Every time I drive through San Simeon and see Hearst Castle high on the hill, I think of the laborers who hauled all the cement and lumber and pipe and nails and plaster and tile up that long, winding and – at the time – dirt road, and the craftsmen who turned all those raw materials into WR Hearst’s castle. Years and money, money and years, hundreds of trips up the hill, Hearst forever changing his mind, always wanting bigger and more grandiose. It’s hard to believe one man was so wealthy that he owned homes all over the country, warehouses full of artifacts, sculptures, paintings and tapestries, and hundreds of thousands of rolling acres in and around San Simeon – a ranch as large as a medieval kingdom. Thinking about the scale of the Hearst holdings staggers me every time.
The best thing about being in Big Sur – besides the raw beauty of the country and a visit to the Henry Miller Memorial Library – was being out of cell phone range, without access to the Internet, away from TV’s and newspapers, canned laughter and advertising. Time slows in Big Sur and one’s mind can get quiet enough to hear a different inner dialogue. We stayed at the Ragged Point Inn and the window of our room looked over a rocky cove. The tide rolled in and made a sucking sound when it went out, sea birds wheeled in the breeze and turkey vultures soared along the cliff line. We sat on the balcony with our books and a bottle of wine, our feet on the railing, completely at peace.
In the world we left behind, wheels turned and engines coughed, phones chirped and trilled, siblings bickered and parents quarreled, lovers made love, and sparrows built nests; Romney and Santorum and Gingrich and Paul played on, each trying to prove that he is the true Uber-Conservative, the Pure One who will bow to the financial markets, dismantle public education, privatize Social Security, bomb Iran, roll back the clock on reproductive rights, and dynamite the wall that separates church and state.

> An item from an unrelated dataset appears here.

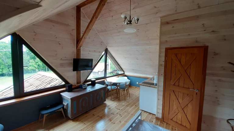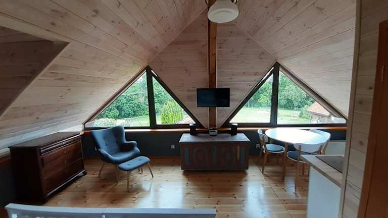 Die Maisonette-Apartments im Pensjonat Natura sind mit stilvollen Holzböden ausgestattet und bieten einen gemütlichen Sitzbereich sowie einen eigenen Kamin. Jedes Apartment verfügt über ein eigenes Bad mit Dusche. Für Ihre Bequemlichkeit gibt es auch eine voll ausgestattete Küchenzeile mit Kühlschrank, Herd und Wasserkocher.

In far away Afghanistan, a deranged US soldier loaded his weapon and left his base without being seen by any of his comrades, and launched a killing spree that left 16 Afghan civilians dead. This is how military occupations generally end; sooner or later the occupier commits an atrocity the locals will not tolerate.
On our last night, we waited until nearly sunset and drove up Highway 1, climbing and then dipping, while the last of the day’s light set fire to the water.